Structural reforms to tackle inequality are critical to the success of the post-2015 development agenda, said participants at UNCTAD's annual Trade and Development Board (TDB).

A wide range of member States and experts from civil society, academia, multilateral institutions and the private sector returned to the issue several times throughout the meeting, emphasising that the current trend of ever-widening inequality was unsustainable.

The income share of the top 1 per cent of earners in the USA is now 20 per cent, the same as in 1925, said Giovanni Cornia, professor at the University of Florence, and a leading expert on the subject.

Between 2000 and 2010 most countries saw an increase in their Gini coefficient, with China's now at 45. While faster economic growth initially leads to greater inequality in developing countries, a Gini coefficient of 35 to 40 is associated with lower rates of growth, said Mr Cornia.

Sanya Reid Smith, Senior Researcher at the Third World Network, presented the Report of the Public Symposium to the Board. She welcomed the Symposium, which was titled "A Better World Economic Order for Equality and Sustainable Development Post-2015", as a valuable opportunity for civil society to exchange ideas and contribute to policy dialogue.

Picking up on issues raised by civil society at the Symposium, Ms Reid Smith expressed concern about how multilateral trade and investment agreements had made it more difficult for developing countries to achieve food security, diversify their economies and invest in public services. For example, cotton subsidies in developed countries continued to drive African cotton growers out of business, TRIMS (Trade-Related Investment Measures) restricted developing countries' ability to pursue active industrial policies, and the TISA (Trade in Services Agreement) gave foreign firms access to markets for key public services.

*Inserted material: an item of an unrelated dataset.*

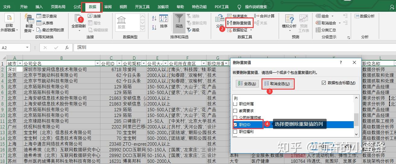 一个职位ID应该是唯一的,对职位ID进行删除重复值的操作

At a separate session of the TDB, WTO Director-General Roberto Azevedo acknowledged that some of these issues had resulted in the current impasse at the WTO, with members unable to agree on the implementation of the new rules decided at the Bali Ministerial in December 2013. He said that WTO member States had made progress on issues concerning Least Developed Countries, agriculture and trade facilitation over the summer and were due to meet on 6 October to agree to adopt the new measures.

Throughout the meeting both developed and developing countries emphasised the risk that widening inequality poses to long-term growth. Some developing countries pointed out that sudden trade liberalisation can lead to unemployment and increase income inequality. At the opening session the European Union representative said inequality was a "universal concern for low, middle and high income countries" and that the global community needed a "job-centred sustainable development agenda".

Sangheon Lee, senior economist at the ILO, linked widening inequality to economic stagnation: "Investment-led growth will have limits without increased consumption," he said.